I've been looking for 3 months, and was surprised at the lack of decent budget vans.




I'd all but given up, after viewing countless dogs... rust buckets, damp vans, or scruffy dog kennels when I found this...





It was way under budget, one owner post MOD, and already converted... calorifier, eberspacher, hob, fridge...

Drives well, mechanically sound, aesthetically not everyone's cup of tea, but will do me for weekend adventures, biking hiking and camping.

All it needs is a decent compressor fridge, and maybe some solar.


----------



## Deleted member 56601 (Oct 20, 2018)

Hi, welcome aboard


----------



## campervanannie (Oct 20, 2018)

Love it I had one almost the same 16 years ago was a great van.


----------



## The laird (Oct 20, 2018)

Hi welcome and enjoy.dont matter wot you have as long as you get fun fun fun


----------



## yorkslass (Oct 20, 2018)

Hi,:welcome::wave::wave:


----------



## phillybarbour (Oct 20, 2018)

Hi and welcome along to the group.


----------



## Pauljenny (Oct 20, 2018)

Looks like you've dropped lucky.
Have fun and adventures.
Don't spend too long on campsites.


----------



## Nabsim (Oct 20, 2018)

Hi and welcome to the forum, van looks fine and should be fun


----------



## saxonborg (Oct 20, 2018)

If it does what you want it to do then it’s right.


----------



## Silver sprinter (Oct 21, 2018)

Hi welcome and enjoy :welcome::camper::wave:


----------



## Robmac (Oct 22, 2018)

Welcome along.

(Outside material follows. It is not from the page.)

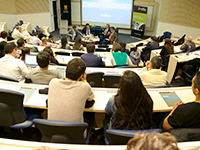 La exposición, intercambio de opiniones y respuestas a consultas fueron moderadas por el académico de la facultad Sergio Gamonal y se prolongaron durante poco más de dos horas ante un nutrido público formado por estudiantes, dirigentes sindicales, jueces del trabajo y académicos.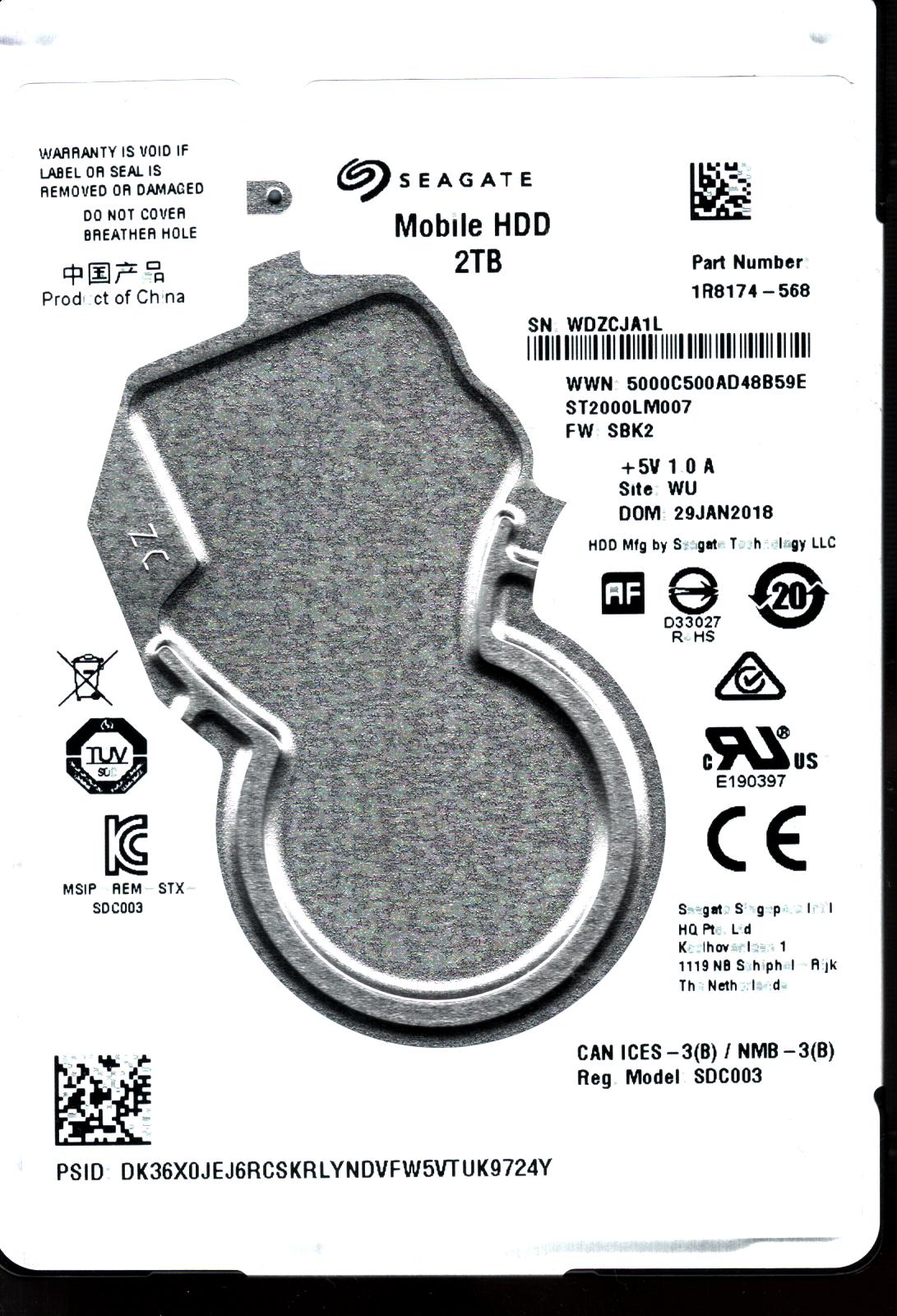 ST2000LM007 P/N: 1R8174-568 F/W: SBK2 S/N: WDZCJ 2TB JAN 2018 CHINA SEAGATE

Nice van.


----------



## izwozral (Oct 22, 2018)

Hi & welcome. Any inside pics?


----------



## fast but dim (Oct 23, 2018)

Had a quick trip to Patterdale in the lakes...





The vans obviously insulated... Nice and cosy inside. 





Everything worked as it should...drove over kirkstone pass no bother either.


----------